RNA was isolated from mouse whole-kidney tissue and HK-2 cells using TRIzol reagent (Thermo Fisher Scientific), and cDNA was reverse transcribed from 0.2 μg (mouse kidney) and 1 μg (HK-2 cells) RNA using a High-Capacity cDNA Reverse Transcription Kit (Thermo Fisher Scientific). Custom-designed primers were from Integrated DNA technologies (Coralville, IA, USA) and had the following sequences: mouse Ccr2 (forward, 5′-AAAGGAGCCATACCTGTAAATGCC-3′; reverse, 5′-TGCCGTGGATGAACTGAGGTAAC-3′), mouse Col1a1 (forward, 5′-TTCAGGGAATGCCTGGTGAA-3′; reverse, 5′-ACCTTTGGGACCAGCATCA-3′), mouse Col1a2 (forward, 5′-GAAAAGGGTCCCTCTGGAGAA-3′; reverse, 5′-AATACCGGGAGCACCAAGAA-3′), mouse Rpl13a (forward, 5′-GCTCTCAAGGTTGTTCGGCTGA-3′; reverse, 5′-AGATCTGCTTCTTCTTCCGATA-3′), human PPARGC1A (forward, 5′-AGCCTCTTTGCCCAGATCTT-3′; reverse, 5′-GGCAATCCGTCTTCATCCAC-3′), and human RPL13A (forward, 5′-TCGTACGCTGTGAAGGCATC-3′; reverse, 5′-TTTTGTGGGGCAGCATACCT-3′). Primers for human PPARA (HP226273), PPARD (HP209214), PPARG (HP226175) and CCN2 (HP205671) were from OriGene (Rockville, MD, USA).

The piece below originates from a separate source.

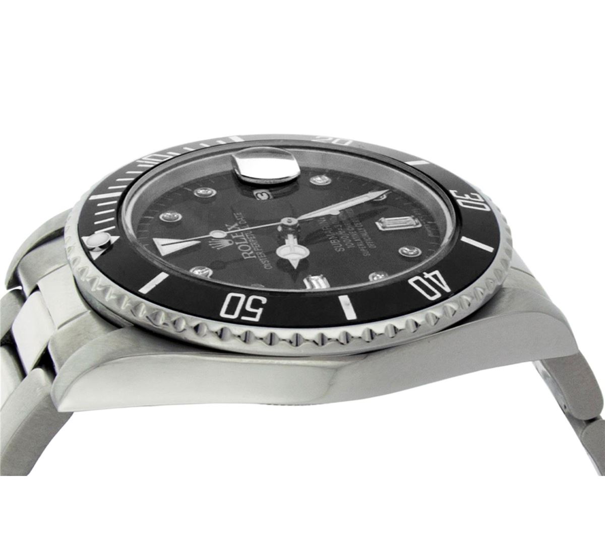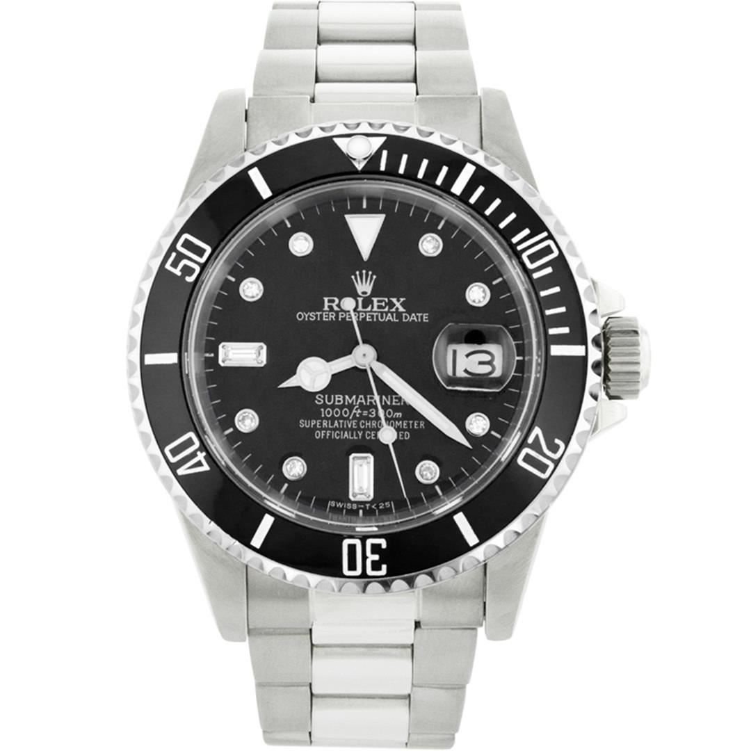 One Mens Rolex Submariner With Date Polished, Serviced & Electronically Tested, Stainless Steel Case:41mm, Stainless Steel Crown, Bezel: Stainless Steel Rotatable Bezel With Black Insert. Crystal: Synthetic Sapphire Cyclops Lens. Movement: Automatic Winding Movement Caliber 3135. Custom Dial: Black Submariner Diamond Dial, Diamond Count: 8 Diamonds + 2 Baguette Diamonds, Color: G To H, Clarity: SI-VS. Date Window: 3 O'Clock Position Date Display, Model: Submariner 16610, Quickset Condition: G-6 Extra Fine. Bracelet: Stainless Steel Oyster. Bright Polish & Satin Finish. 6.75 Inch Length, Adjustable. Standard Clasp, With Rolex Logo.

Data are expressed as mean±s.d. Sample size was determined based on practicability and prior experience with the UUO model (Kaur et al., 2023). Animals were randomly allocated to sham or UUO groups. Analyses of data were performed in a masked manner where feasible. Outlying values were not removed. Statistical analyses were performed using GraphPad Prism 9 for macOS (GraphPad Software Inc., San Diego, CA, USA). Statistical tests were selected after testing for normality and variance inhomogeneity and are stated in the figure legends according to the hypothesis under examination. For multiple comparisons, post hoc testing was only conducted if F in ANOVA achieved P<0.05. All analyses were two-tailed. P<0.05 was considered statistically significant.

The authors acknowledge the support of the Research Core Facilities of the Keenan Research Centre for Biomedical Science.